We calculate the loglikelihood score log_L1 for the alternative hypothesis. Because the alternative hypothesis does not specify the value of \(\mu\), we use the maximum likelihood estimate (i.e., the sample average) of \(\mu\) to calculate the loglikelihood score.

mu_hat = mean(x)
log_L1 = sum(log(dnorm(x,mean=mu_hat,sd=1)))

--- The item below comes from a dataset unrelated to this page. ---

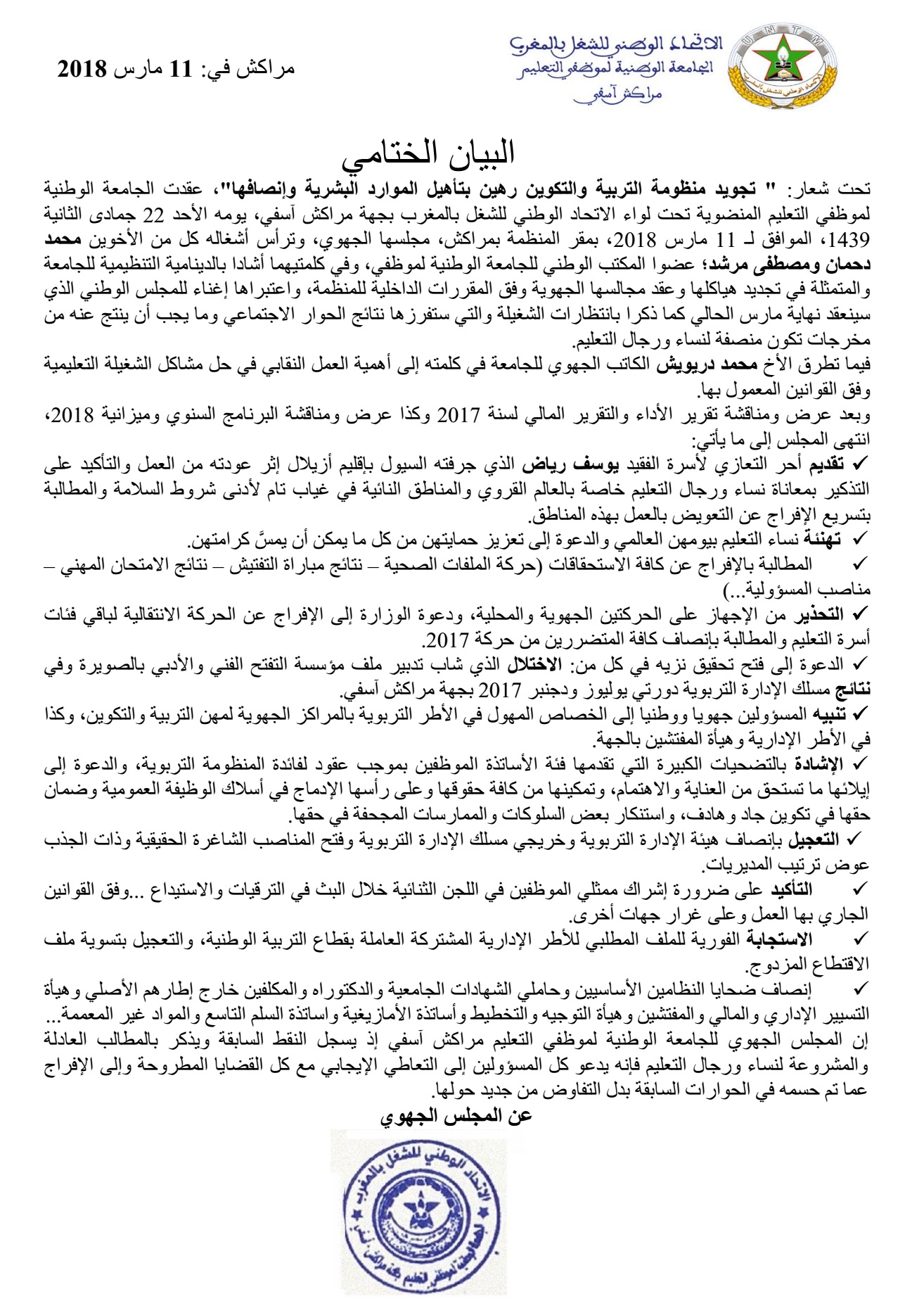 ونبهت الجامعة خلال المجلس الجهوي الذي نظم تحت شعار : ” تجويد منظومة التربية والتكوين رهين بتأهيل الموارد البشرية وإنصافها”؛ المسؤولين جهويا ووطنيا إلى الخصاص المهول في الأطر التربوية بالمراكز الجهوية لمهن التربية والتكوين، وكذا في الأطر الإدارية وهيأة المفتشين بالجهة، داعية الوزارة إلى الاستجابة الفورية للملف المطلبي للأطر الإدارية المشتركة العاملة بقطاع التربية الوطنية، والتعجيل بتسوية ملف الاقتطاع المزدوج، وإنصاف ضحايا النظامين الأساسيين وحاملي الشهادات الجامعية والدكتوراه والمكلفين خارج إطارهم الأصلي وهيأة التسيير الإداري والمالي والمفتشين وهيأة التوجيه والتخطيط وأساتذة الأمازيغية واساتذة السلم التاسع والمواد غير المعممة.

We calculate the LRT statistic and find the pvalue

t = -2*(log_L0 - log_L1)
critical_value = qchisq(0.95,df=1)
pvalue = 1-pchisq(t,df=1)
print(paste("pvalue =",pvalue))

[1] "pvalue = 0.00269938387152102"

Normality test (Sapiro-Wilk test)

Sapiro-Wilk test can be used to test if the real data follow the normal distribution or not. We simulate data from the exponential distribution with rate = 1.

data = rexp(100)

\(H_0:\) the normal distribution and \(H_1:\) not the normal distribution

The Q-Q plot can illustrate if the dataset follows the normal distribution. It is a scatter plot of the sample quantiles generated from data versus the quantiles expected from the normal distribution. If the dataset follows the normal distribution, the points should be close to the straight line.

par(mfrow=c(2,2))
hist(data,col="brown")
plot(density(data),col="brown")
qqnorm(data, pch=16)
qqline(data, col = "brown")

The Sapiro-Wilk test is widely used to check normality.

shapiro.test(data)

	Shapiro-Wilk normality test

data:  data
W = 0.75849, p-value = 1.58e-11